■ **Exercise**: Make an exact transcript of the lines in the data below, starting with the one containing "I believe they" and going on through the one containing "(4) BRONZE MARVEL", with both included and the pictures left out.

■ **Materials provided**:
+ + + + + + +

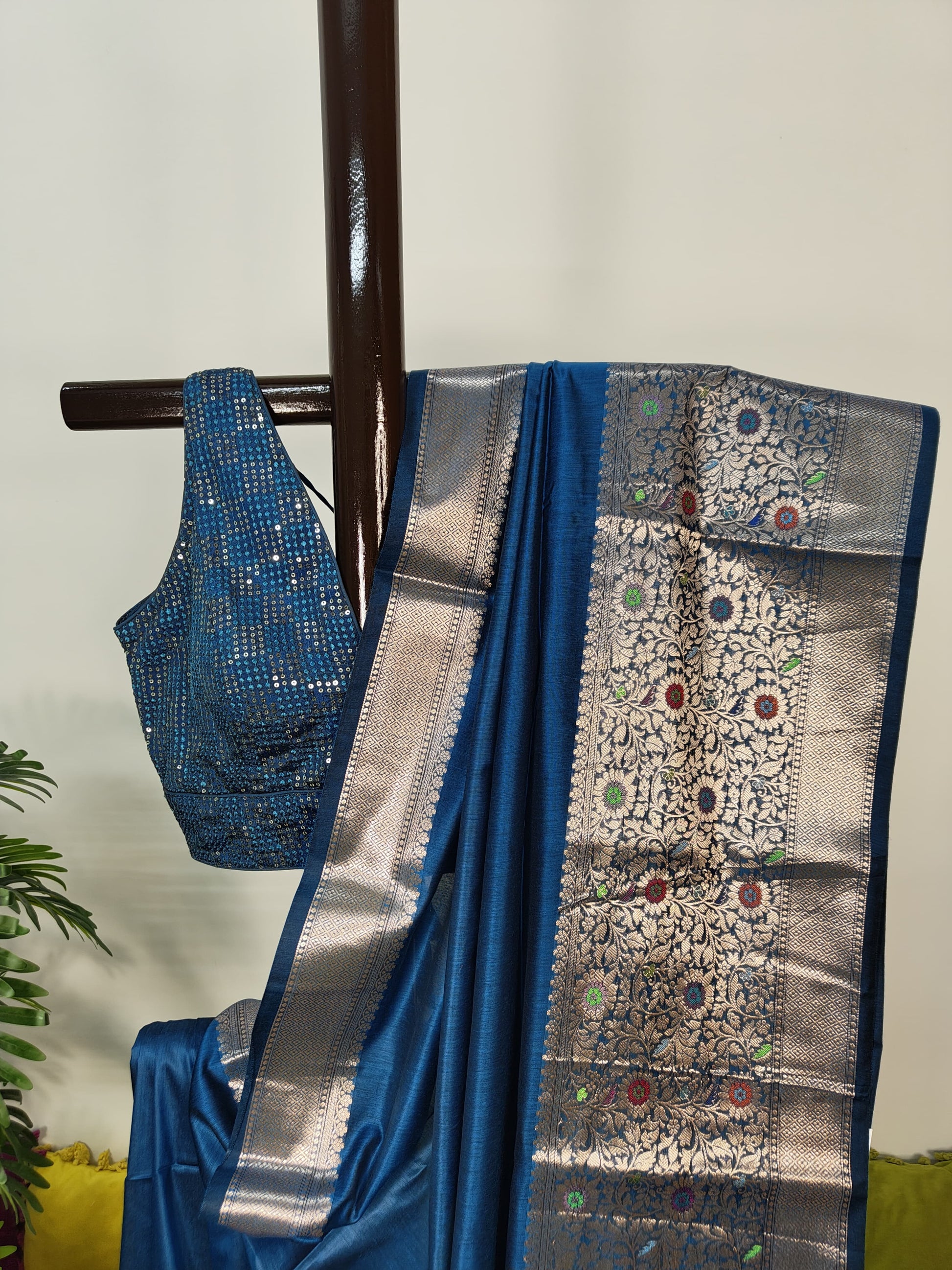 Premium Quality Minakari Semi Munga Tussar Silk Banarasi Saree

+ + + + + + +

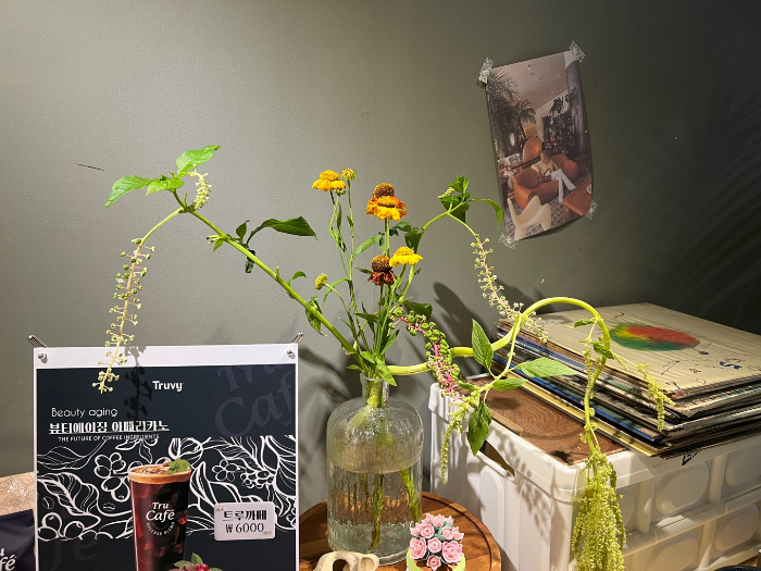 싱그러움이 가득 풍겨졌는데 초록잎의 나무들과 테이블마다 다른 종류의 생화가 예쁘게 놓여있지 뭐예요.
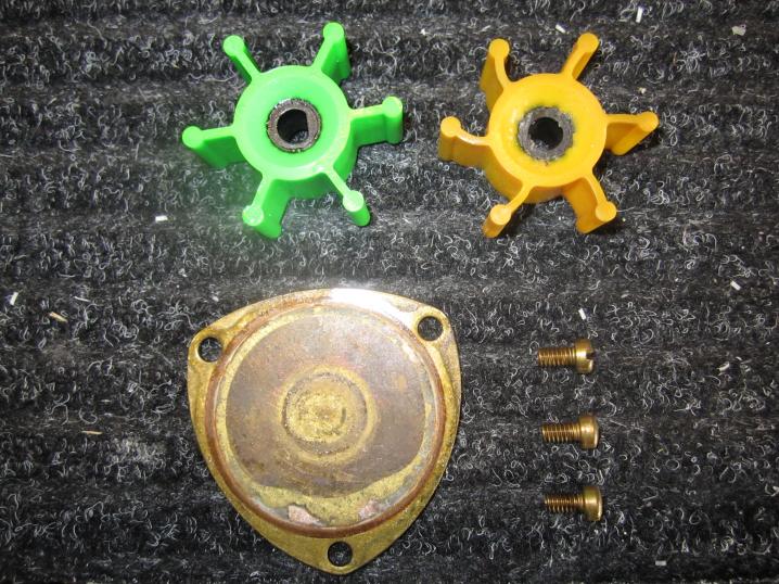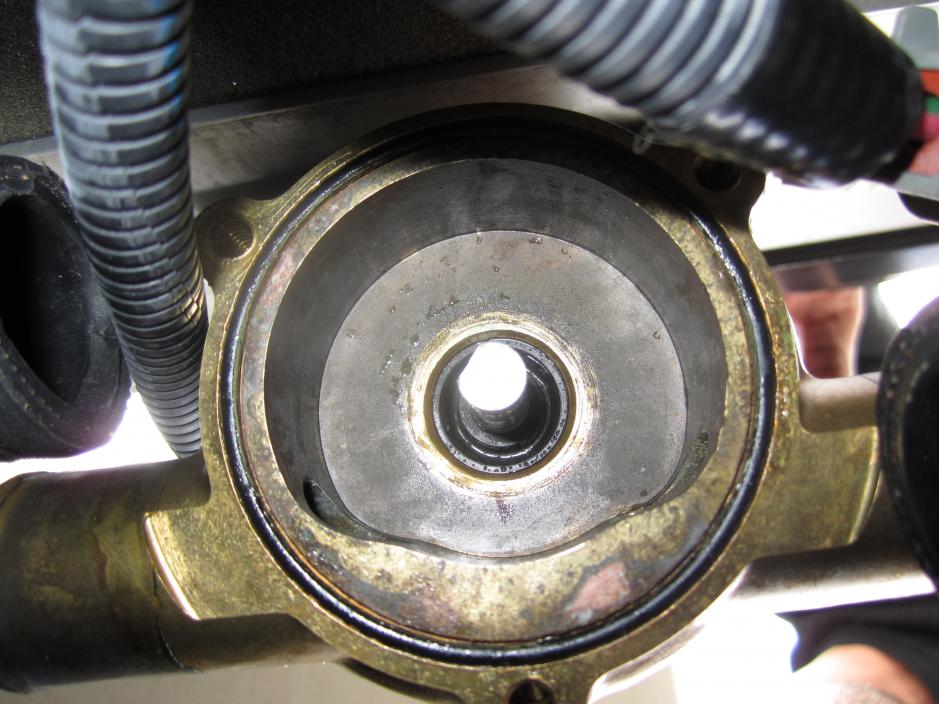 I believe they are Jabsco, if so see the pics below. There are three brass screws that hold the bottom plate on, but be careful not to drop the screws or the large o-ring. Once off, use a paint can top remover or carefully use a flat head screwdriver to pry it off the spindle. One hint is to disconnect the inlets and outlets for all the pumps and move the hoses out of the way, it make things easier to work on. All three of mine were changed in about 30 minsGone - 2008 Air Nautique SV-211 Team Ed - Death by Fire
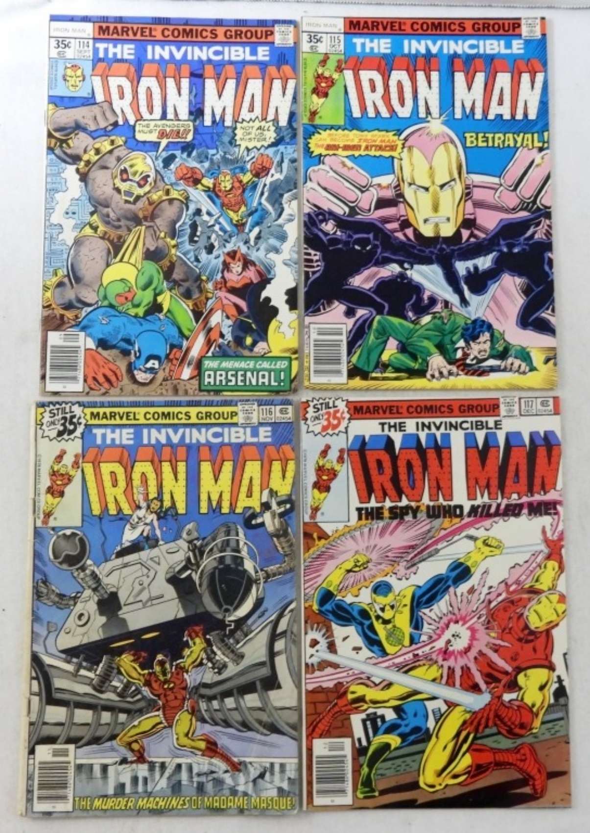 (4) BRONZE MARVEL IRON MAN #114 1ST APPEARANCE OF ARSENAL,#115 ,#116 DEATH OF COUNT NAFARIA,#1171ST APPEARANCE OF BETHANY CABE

+ + + + + + +

■ **Response to this task**:
 I believe they are Jabsco, if so see the pics below. There are three brass screws that hold the bottom plate on, but be careful not to drop the screws or the large o-ring. Once off, use a paint can top remover or carefully use a flat head screwdriver to pry it off the spindle. One hint is to disconnect the inlets and outlets for all the pumps and move the hoses out of the way, it make things easier to work on. All three of mine were changed in about 30 minsGone - 2008 Air Nautique SV-211 Team Ed - Death by Fire
 (4) BRONZE MARVEL IRON MAN #114 1ST APPEARANCE OF ARSENAL,#115 ,#116 DEATH OF COUNT NAFARIA,#1171ST APPEARANCE OF BETHANY CABE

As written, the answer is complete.